-- Work to be completed --
All entries below must be output word for word, and the pictures left behind.

____________________

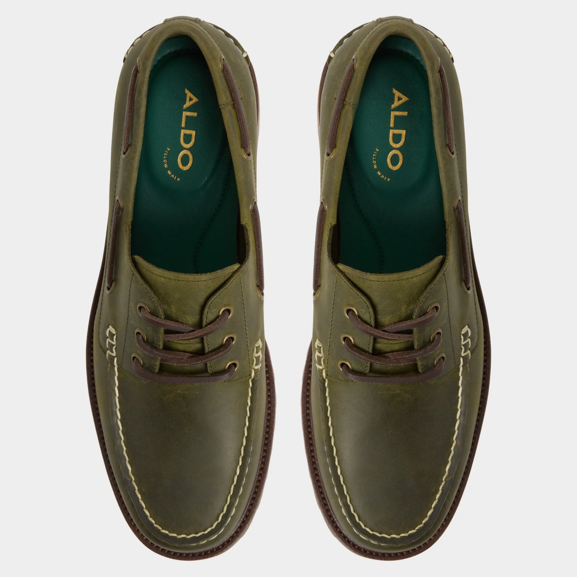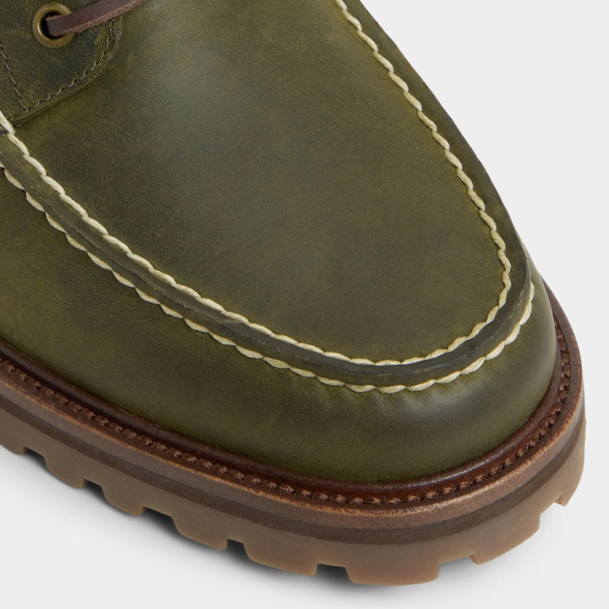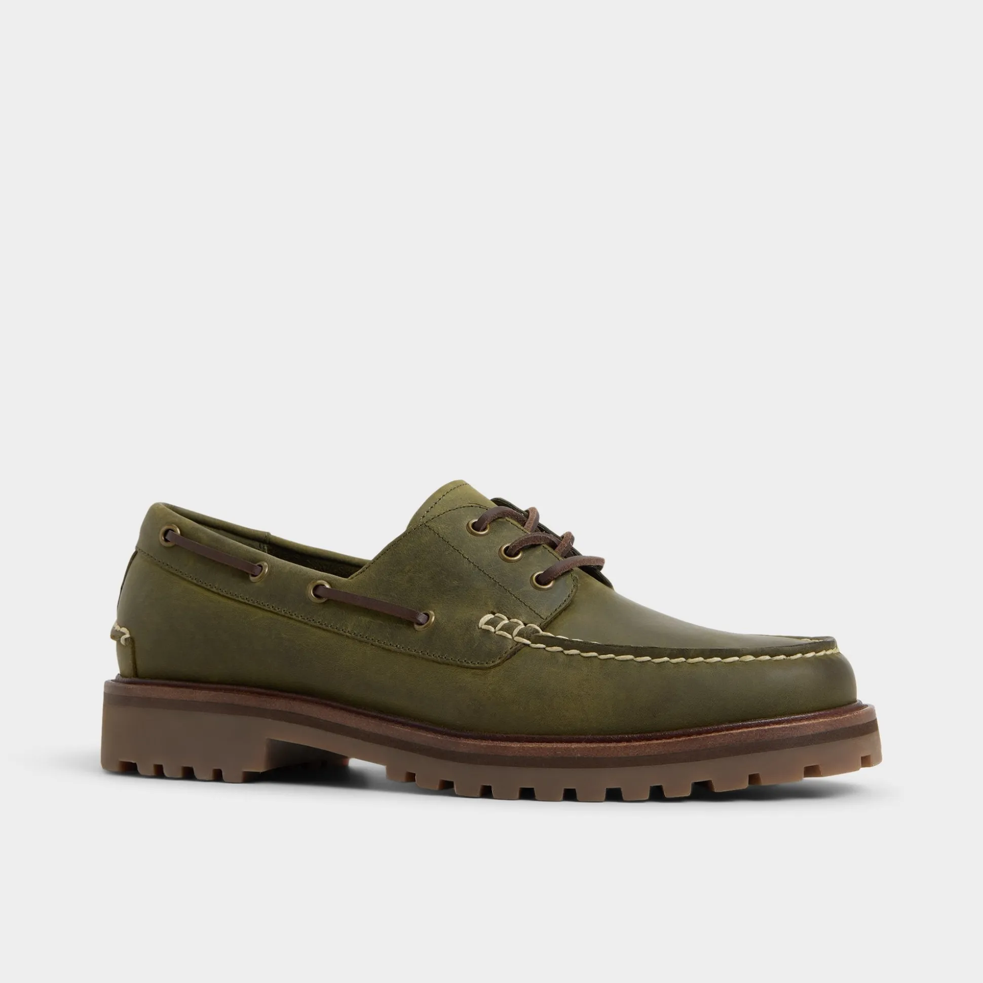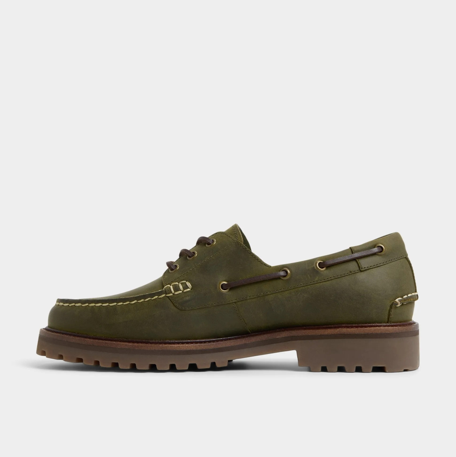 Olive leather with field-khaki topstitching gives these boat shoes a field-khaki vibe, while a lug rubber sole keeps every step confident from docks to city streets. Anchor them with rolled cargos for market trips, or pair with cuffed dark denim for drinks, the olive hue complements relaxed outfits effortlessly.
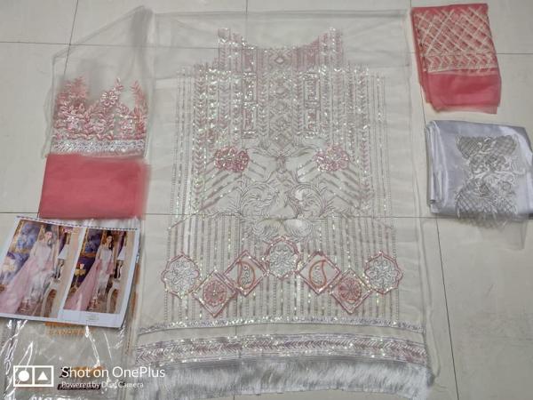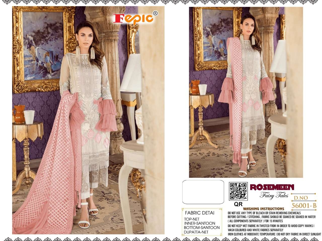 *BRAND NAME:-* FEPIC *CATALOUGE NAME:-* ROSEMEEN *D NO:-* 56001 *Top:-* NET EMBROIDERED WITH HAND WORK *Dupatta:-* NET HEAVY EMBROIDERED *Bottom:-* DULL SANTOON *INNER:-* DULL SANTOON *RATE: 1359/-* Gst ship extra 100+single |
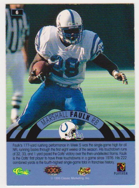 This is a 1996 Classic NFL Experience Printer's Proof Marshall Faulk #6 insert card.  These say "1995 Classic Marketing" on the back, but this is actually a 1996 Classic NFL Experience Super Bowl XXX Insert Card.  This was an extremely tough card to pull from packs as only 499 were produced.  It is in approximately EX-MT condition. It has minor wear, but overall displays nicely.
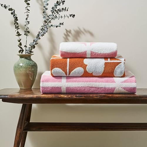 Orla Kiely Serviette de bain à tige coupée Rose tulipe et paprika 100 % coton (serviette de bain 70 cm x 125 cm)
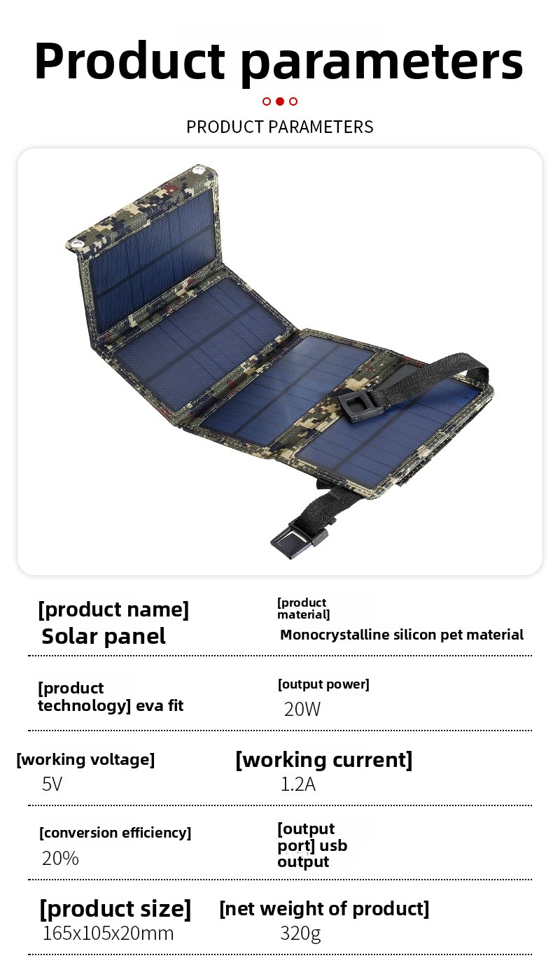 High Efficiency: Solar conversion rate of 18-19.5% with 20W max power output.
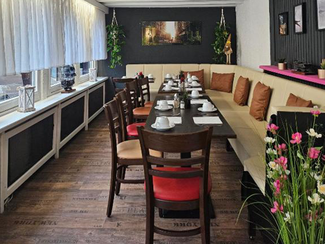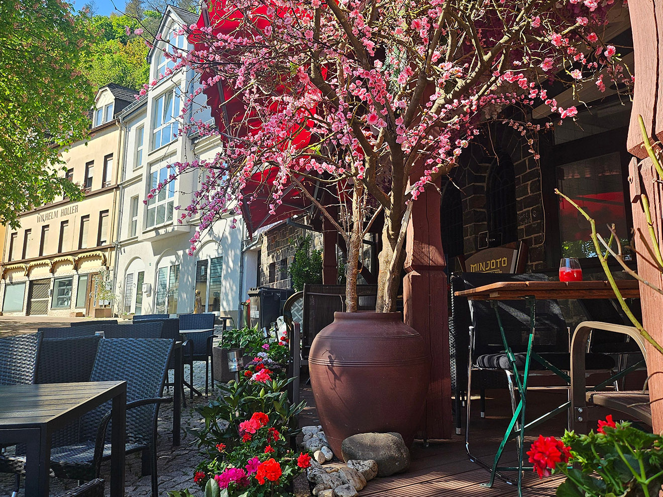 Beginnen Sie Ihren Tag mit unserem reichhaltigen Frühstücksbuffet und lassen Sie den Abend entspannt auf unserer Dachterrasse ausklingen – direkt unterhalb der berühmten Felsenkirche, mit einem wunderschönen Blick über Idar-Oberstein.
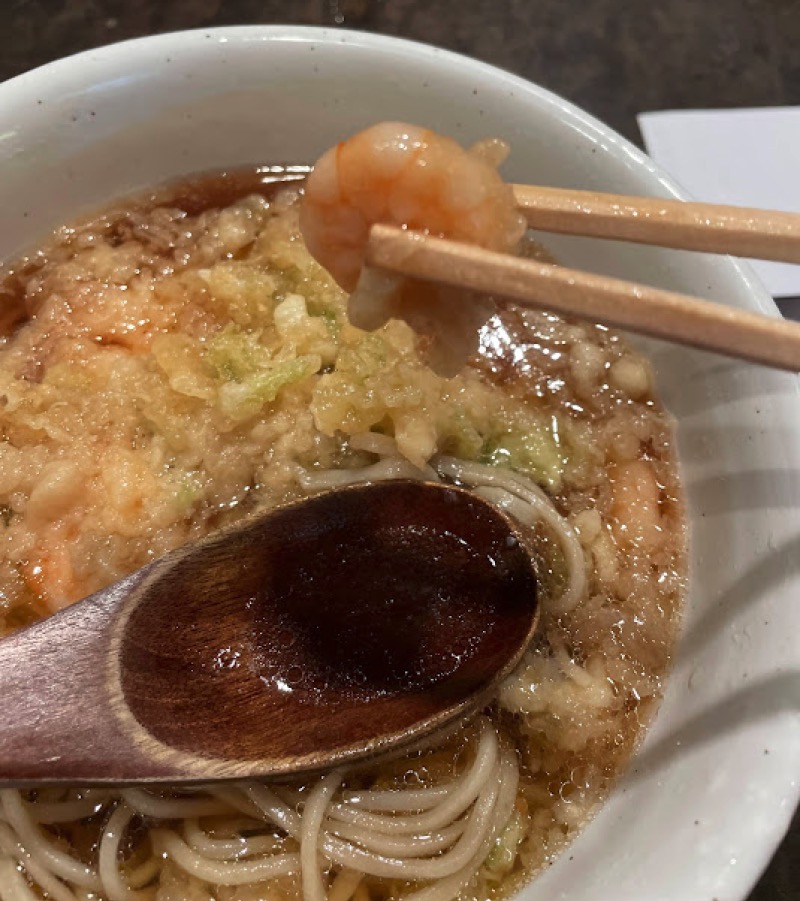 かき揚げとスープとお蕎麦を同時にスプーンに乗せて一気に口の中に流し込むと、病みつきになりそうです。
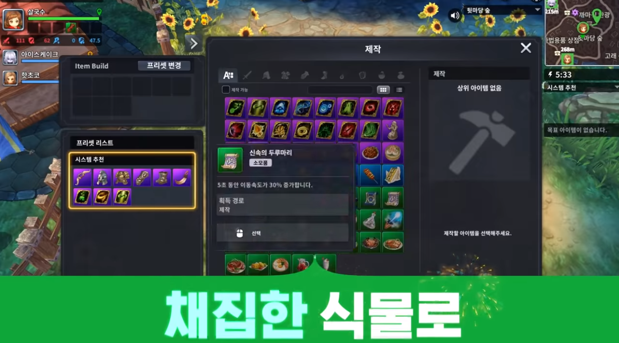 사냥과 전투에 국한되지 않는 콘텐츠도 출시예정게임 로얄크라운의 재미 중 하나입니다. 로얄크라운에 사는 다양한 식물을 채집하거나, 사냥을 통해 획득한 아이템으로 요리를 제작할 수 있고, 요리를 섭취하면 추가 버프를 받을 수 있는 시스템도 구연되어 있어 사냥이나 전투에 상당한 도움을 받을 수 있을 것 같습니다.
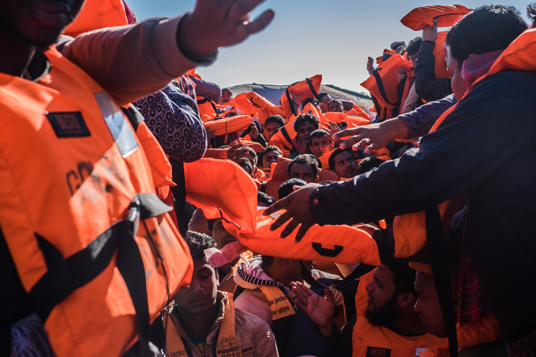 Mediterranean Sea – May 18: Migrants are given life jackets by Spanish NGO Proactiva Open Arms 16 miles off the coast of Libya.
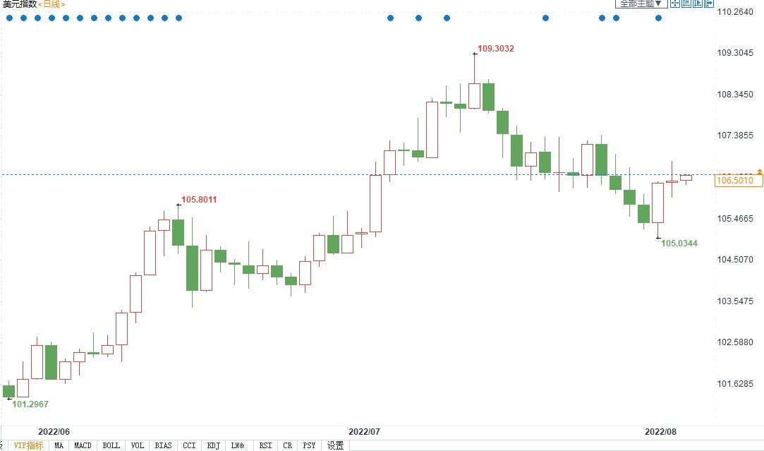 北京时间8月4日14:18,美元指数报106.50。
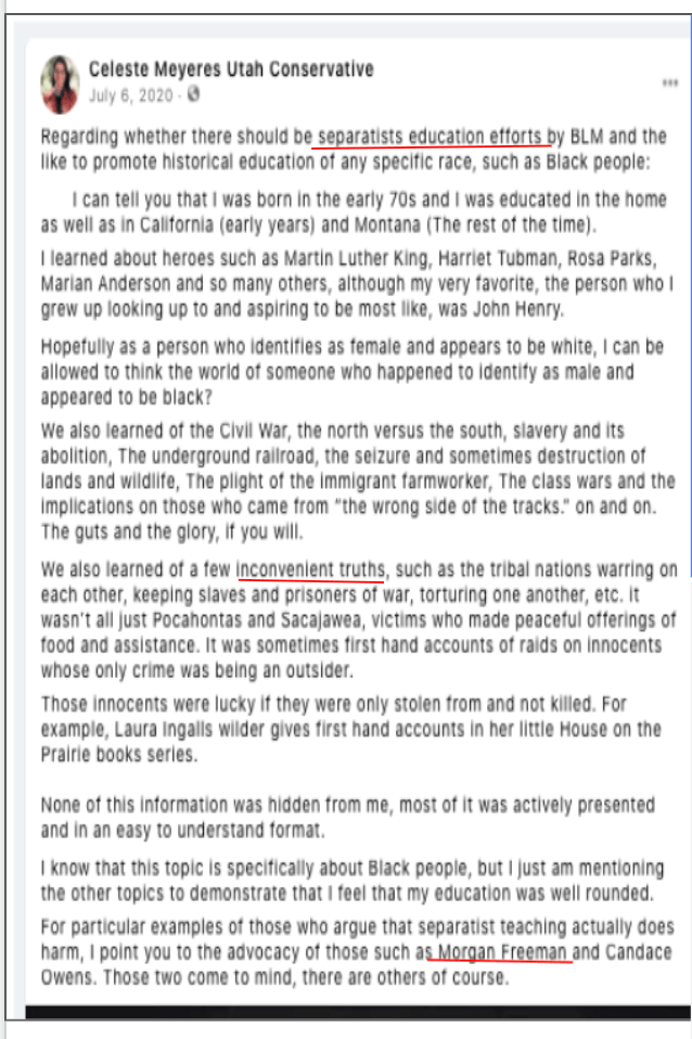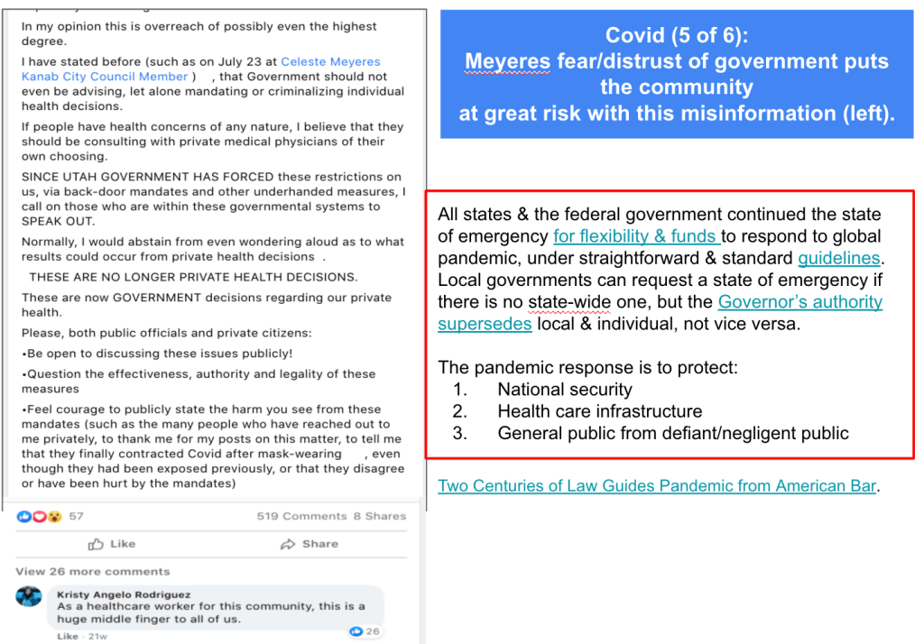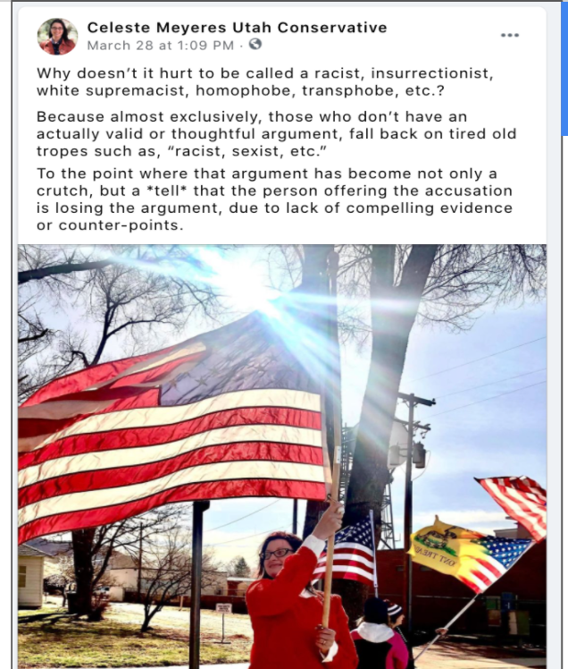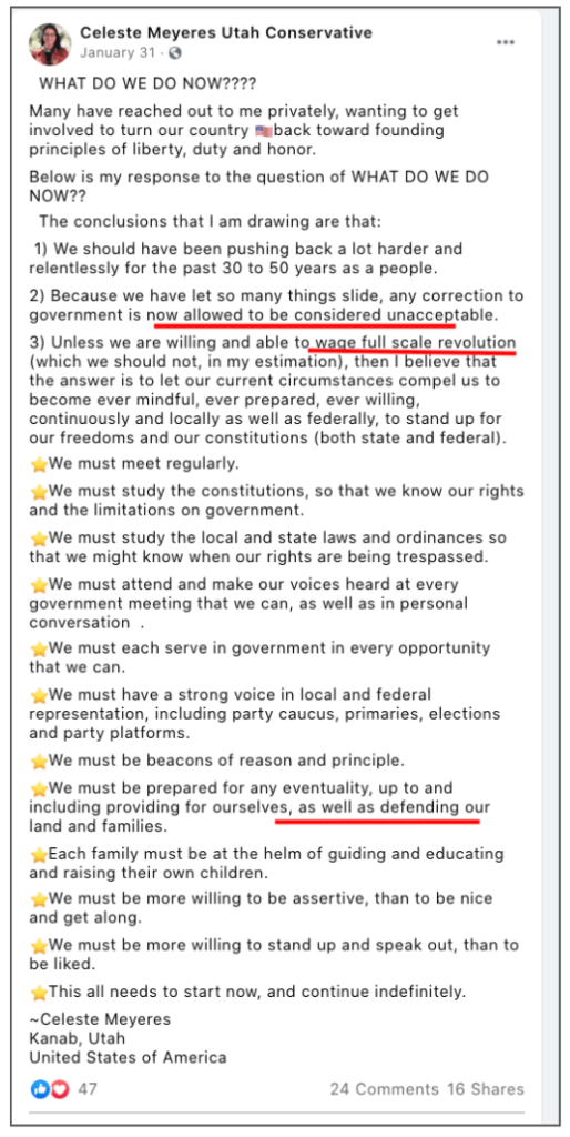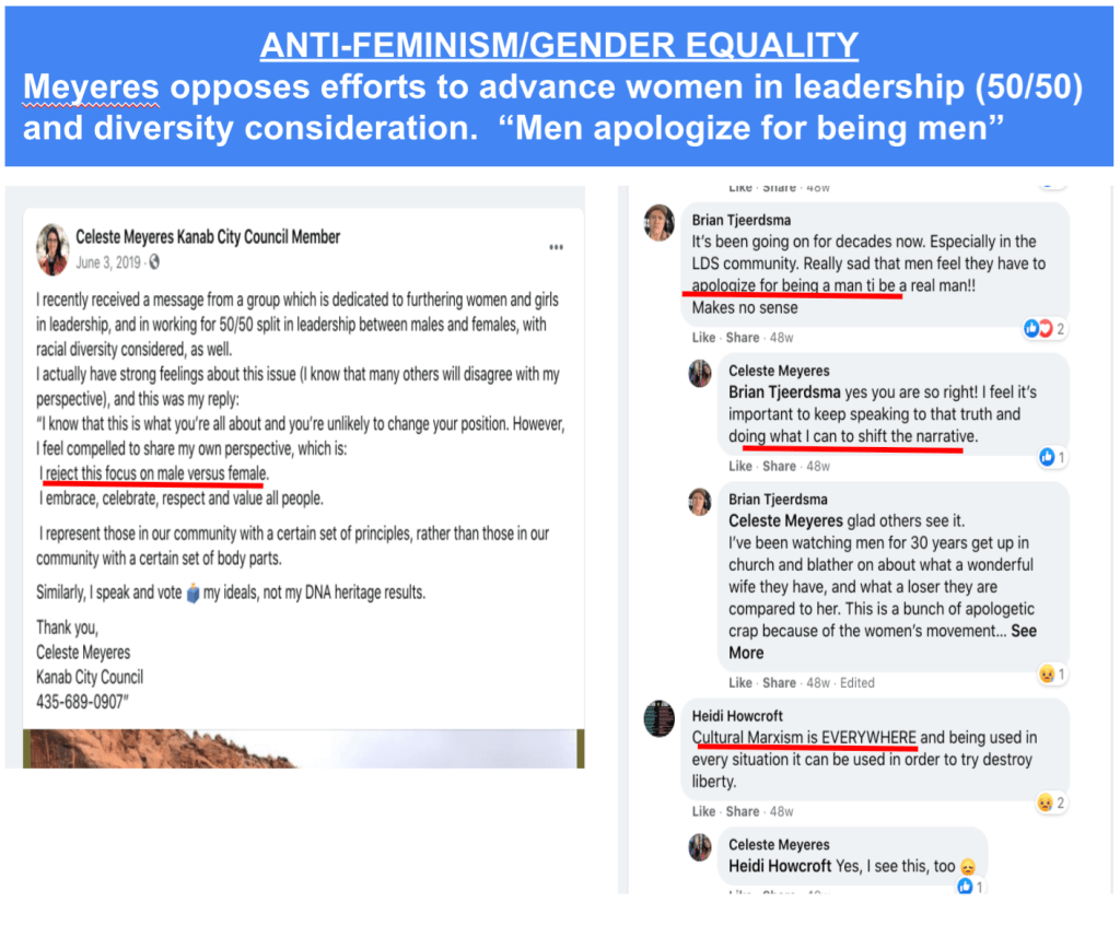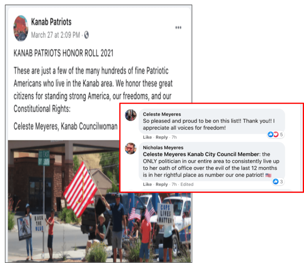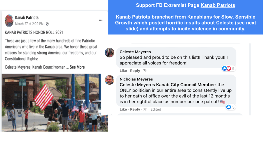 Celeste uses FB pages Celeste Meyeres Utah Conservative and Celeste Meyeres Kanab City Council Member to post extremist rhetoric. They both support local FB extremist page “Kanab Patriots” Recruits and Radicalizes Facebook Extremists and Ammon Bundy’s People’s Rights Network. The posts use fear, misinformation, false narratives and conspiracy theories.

____________________

-- Output below --
 Olive leather with field-khaki topstitching gives these boat shoes a field-khaki vibe, while a lug rubber sole keeps every step confident from docks to city streets. Anchor them with rolled cargos for market trips, or pair with cuffed dark denim for drinks, the olive hue complements relaxed outfits effortlessly.
 *BRAND NAME:-* FEPIC *CATALOUGE NAME:-* ROSEMEEN *D NO:-* 56001 *Top:-* NET EMBROIDERED WITH HAND WORK *Dupatta:-* NET HEAVY EMBROIDERED *Bottom:-* DULL SANTOON *INNER:-* DULL SANTOON *RATE: 1359/-* Gst ship extra 100+single |
 This is a 1996 Classic NFL Experience Printer's Proof Marshall Faulk #6 insert card.  These say "1995 Classic Marketing" on the back, but this is actually a 1996 Classic NFL Experience Super Bowl XXX Insert Card.  This was an extremely tough card to pull from packs as only 499 were produced.  It is in approximately EX-MT condition. It has minor wear, but overall displays nicely.
 Orla Kiely Serviette de bain à tige coupée Rose tulipe et paprika 100 % coton (serviette de bain 70 cm x 125 cm)
 High Efficiency: Solar conversion rate of 18-19.5% with 20W max power output.
 Beginnen Sie Ihren Tag mit unserem reichhaltigen Frühstücksbuffet und lassen Sie den Abend entspannt auf unserer Dachterrasse ausklingen – direkt unterhalb der berühmten Felsenkirche, mit einem wunderschönen Blick über Idar-Oberstein.
 かき揚げとスープとお蕎麦を同時にスプーンに乗せて一気に口の中に流し込むと、病みつきになりそうです。
 사냥과 전투에 국한되지 않는 콘텐츠도 출시예정게임 로얄크라운의 재미 중 하나입니다. 로얄크라운에 사는 다양한 식물을 채집하거나, 사냥을 통해 획득한 아이템으로 요리를 제작할 수 있고, 요리를 섭취하면 추가 버프를 받을 수 있는 시스템도 구연되어 있어 사냥이나 전투에 상당한 도움을 받을 수 있을 것 같습니다.
 Mediterranean Sea – May 18: Migrants are given life jackets by Spanish NGO Proactiva Open Arms 16 miles off the coast of Libya.
 北京时间8月4日14:18,美元指数报106.50。
 Celeste uses FB pages Celeste Meyeres Utah Conservative and Celeste Meyeres Kanab City Council Member to post extremist rhetoric. They both support local FB extremist page “Kanab Patriots” Recruits and Radicalizes Facebook Extremists and Ammon Bundy’s People’s Rights Network. The posts use fear, misinformation, false narratives and conspiracy theories.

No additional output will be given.